Читаем Унтиловск полностью

Все винное поставлял аккуратно я. Когда размеры нашего поединка увеличились, я стал продавать разную дрянь из своего обихода, употребляя деньги на спаиванье Буслова. Я даже продал свою флейту, единственную утешительницу пяти моих ссыльных лет, сделавших из меня то, что я есть теперь. Вдвоем с милым сердцу моему Редкозубовым выигрывали мы из себя томление холостых одиночеств. О, как длинны унтиловские вечера! В своем размахе я не пощадил и флейты. Я приходил к Буслову и днем и ночью, присаживался к шашечной доске и, вынимая из карманов приношения мои, почти умоляюще глядел в воловьи, так они были велики, расстригины глаза. Я его почти любил тогда, почти жалел. А он пил крупно, дико, величественно, кидая изредка презрительные слова приказаний или вопросов или ленивое свое: "Врешь". Мы думали об одном и том же, но ни разу мы не проговорились о ней. Я даже взглядом не касался более бусловского пианино, но он и за это ненавидел меня. Один раз, после трех нарочных проигрышей моих, он предложил мне играть со ставкой. Он сказал:

- Если выиграешь - можешь! - и кивнул с усмешкой на пианино.

- А если проиграю? - спросил я, бледнея от прихлынувшей вдруг силы.

- Тогда я тебя... - Он не договорил, а только как-то очень выразительно выпятил нижнюю, всегда влажную губу и залпом допил стакан.

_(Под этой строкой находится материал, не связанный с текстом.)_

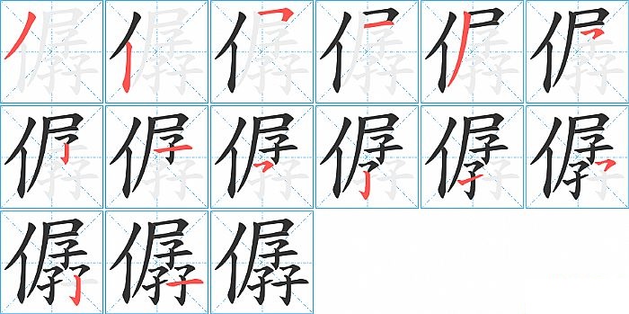 僝是左右结构,僝的部首是“亻”,部外笔画12画,总笔画14画,僝的笔画顺序是“撇、竖、横折、横、撇、横撇/横钩、竖钩、横、横撇/横钩、竖钩、提、横撇/横钩、竖钩、横”。看看“僝”字什么意思 >>

Мы играли, и я выиграл. Но я простил ему его проигрыш, хотя это и стоило мне значительных усилий. Все же, уходя в ту ночь, я потрепал его по огромной его руке, лежавшей на столе, и сказал мягко:

- Так-то, Виктор Григорьич. Ембаргирьгирьгам!

- Чево-о? - поднял он опухшие глаза.

- Ничего, пустяки... - испугался не на шутку я.

Во мне происходило тогда вращение медали. Унтиловск выпирал из меня. Мой маленький Унтиловск и Унтиловск большой бороли Виктора Буслова. Но он был сильный, он долго барахтался и сильно колотил раскинутыми руками по мутным водам унтиловского бытия. А мои наблюдения говорили мне, что унтиловская вода уже входит в него и замедляет его силу. Он стал спокойнее, стал даже интересоваться мной, расспрашивал о причинах моего ухода с химического факультета, о причинах высылки и о разном, имевшем хоть какое-нибудь касание к моей особе. И он уже не ходил колоть дрова, а, например, спал. Целых две зимы шел на унтиловское дно Виктор Буслов, и все то время я цепко держался за его ноги, помогая тонуть без лишних мучений. Я говорю об этом совсем открыто, но кто оценит меня?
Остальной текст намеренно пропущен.